Preparing to move always has a way of getting me to consider the nature of the physical portion of my life i.e., the stuff that I have in it. We pack everything up and it gets taken to the new location, where it either gets unpacked or perhaps simply left in its container until the next time we move, at which point we pry open the box, realize that it matches what is on the outside, and then seal it up to move on to the next place.
And as Charles Swindoll has noted, we seem to gain stuff as we move through life. We start with what will fit in a car, then seem to move up to a truck, then a small U-Haul, then a larger U-Haul, until finally we need a semi-to take our stuff.
This thought process has taken a poignant ring to it as, two nights ago, Fear Beag's grandparents home burned to the ground. It was totally destroyed. At least 6 decades of stuff - of memories and life - is now ashes.
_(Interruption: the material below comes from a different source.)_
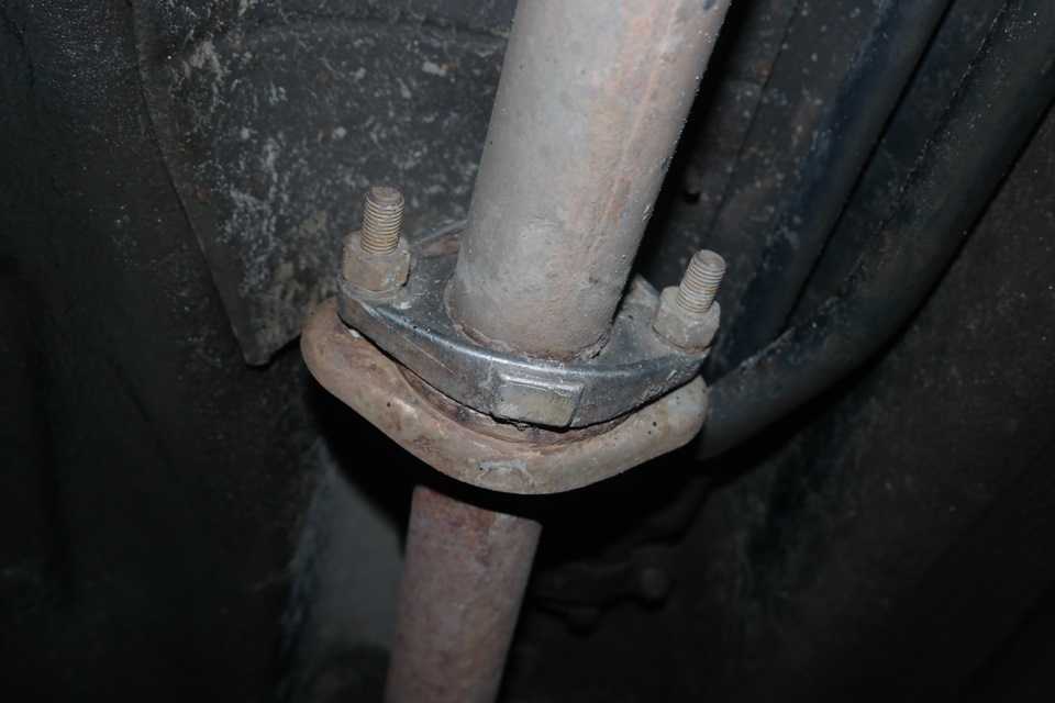 - Если нужно поменять резонатор, открутите болты крепления трубы резонатора и выньте армированную проставку.

It gave me pause yesterday as he let me know and I sorted through the fact. What would happen if our home burned tomorrow? Everything we spent years acquiring and carting back and forth, including halfway across the country, would simply be gone. Certainly we have homeowner's insurance and so would get our money, but that hardly replaces the real value - measured by comfort and sentiment - that such things have come to acquire.
The odd thing - odd to me at least - is that I like to pretend that I eschew the concept of being a person about stuff - yet here I am, swimming in it. There are passing moments that I consider simply becoming a nomad - the times that I have had very little with me, as when I first moved to New Home or even when I attended seminar this month - have been some of the most clear and thoughtful times of my life. Why? With little stuff the mind is free to spend its time on other things. As Randy Alcorn says, It's like a balloon: once releases from being tied down, it's free to soar.
Will I ever become the yurt-dwelling nomad of my occasional flights of fancy? I doubt it - I am too much of a book lover to ever really become a man of truly few possessions. But hopefully I can at least become more mindful both of what I think I need and the fact that this stuff is ultimately not going to be here forever. Yes, we should care for that which we have been given, but let us never confuse that care with the concept that it will be with us forever. Let us seek to define ourselves by the character of our lives and not the collection of our things.